The truth behind the Arizona Senate “audit” of the 2020 election results is revealed in thousands of private text messages from Cyberninjaz CEO Doug Logan.
The document overturns allegations that the “audit” was a bipartisan effort to ensure the accuracy of the election results, and subverts claims by former President Donald Trump’s allies to restore him to office. It said it was part of a state-wide effort.
Logan’s message even counts the work of hundreds of volunteers who will spend two months at the Veterans Memorial Coliseum in 2021, scrutinizing ballots and recording individual votes on more than 70,000 tally sheets. indicates that it is not possible.
Here’s an update on Logan, his writing, and a review of Maricopa County’s 2.1 million votes.
What is the reasoning behind Arizona’s ‘audit’?
In 2021, Senate Republicans announced they would commission a hand tally of all ballots cast in Maricopa County to address claims that the election was stolen from Trump. The Senate subpoenaed ballots and other election materials from counties.
Senate President Karen Huang has hired a cyber ninja to lead the handcount. Neither Mr. Logan nor his firm had any experience auditing elections, but Mr. Huang said at the time that he was “fully qualified” and “very experienced.” The review would have taken weeks and would have cost the taxpayer $150,000.

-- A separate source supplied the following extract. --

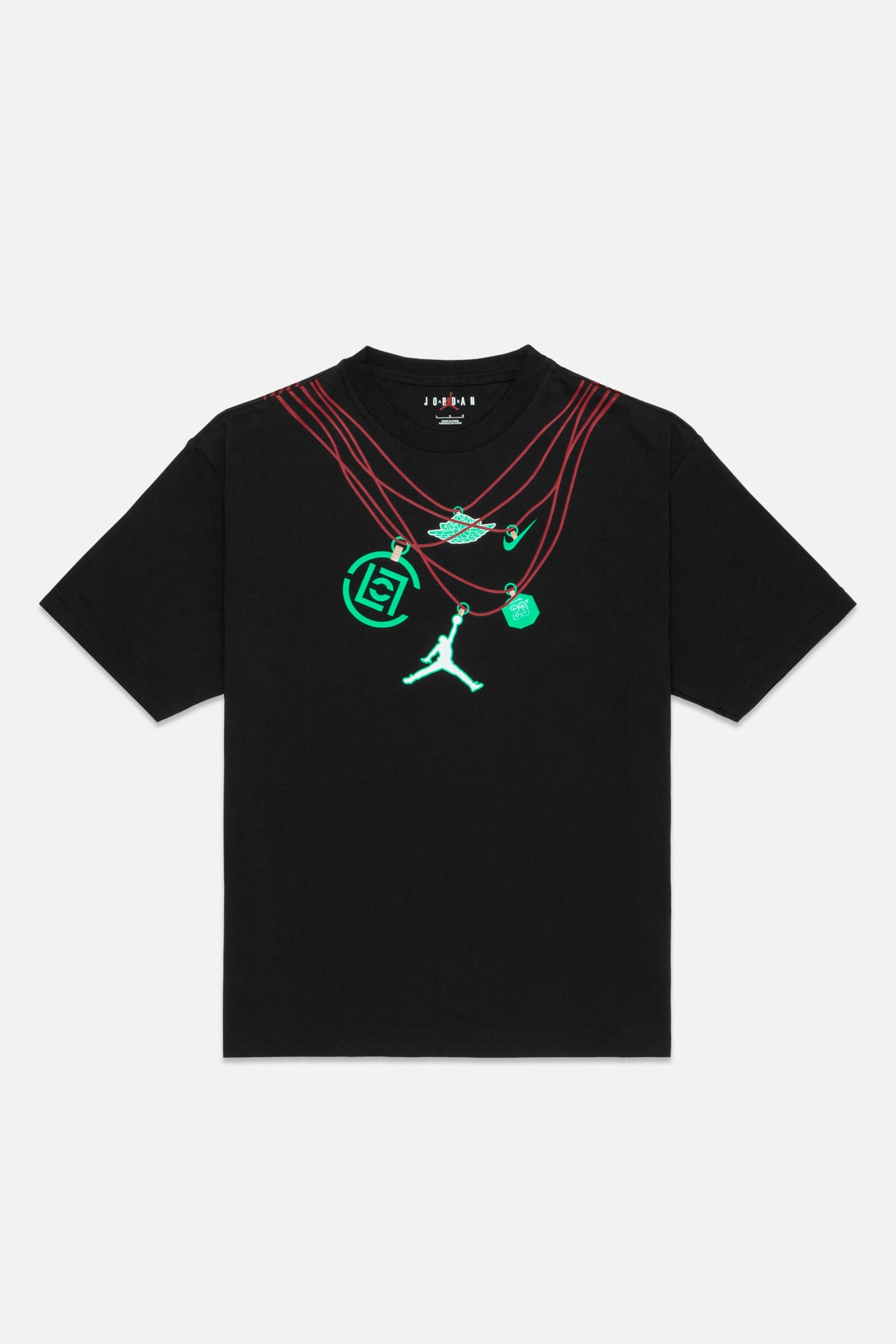 联名黑色 T 恤用胶印图案模仿脖子上戴满的玉石配饰,还巧妙地融入了 CLOT 和 Jumpman Logo,彰显联名身份。

The implementation will take about two months and cost Arizona millions of dollars.
What “findings” did Cyber Ninja report to the Senate?
Logan announced the hand-counted results on Sept. 24, 2021, reporting that Joe Biden had won the Arizona presidential election. Logan’s tally was 994 votes behind the county’s official result.
Logan’s report stole Biden’s victory and raised a number of “anomalies” that continue to raise questions about the election process. That has led lawmakers, partisan contractors and allies of Trump to call for more audits, denial of voting machines and a new voter integrity law to prevent fraud at polling places.
Full text:‘Our Numbers Are Terrible’: Cyber Ninja CEO Admits Failure To Count Manual Votes
Do Logan’s private writings contradict his public statements?
yes. In hundreds of articles recently published in the summer of 2021, Mr. Logan admitted that he did not understand his own data. Days after his hand count ended, Logan admitted he had no way of tallying up the results.
“How plausible is this solution? I looped back and looked at all the aggregated data again. It’s pretty broken. Most of it doesn’t make sense.” In a text dated July 5, 2021, Logan wrote:.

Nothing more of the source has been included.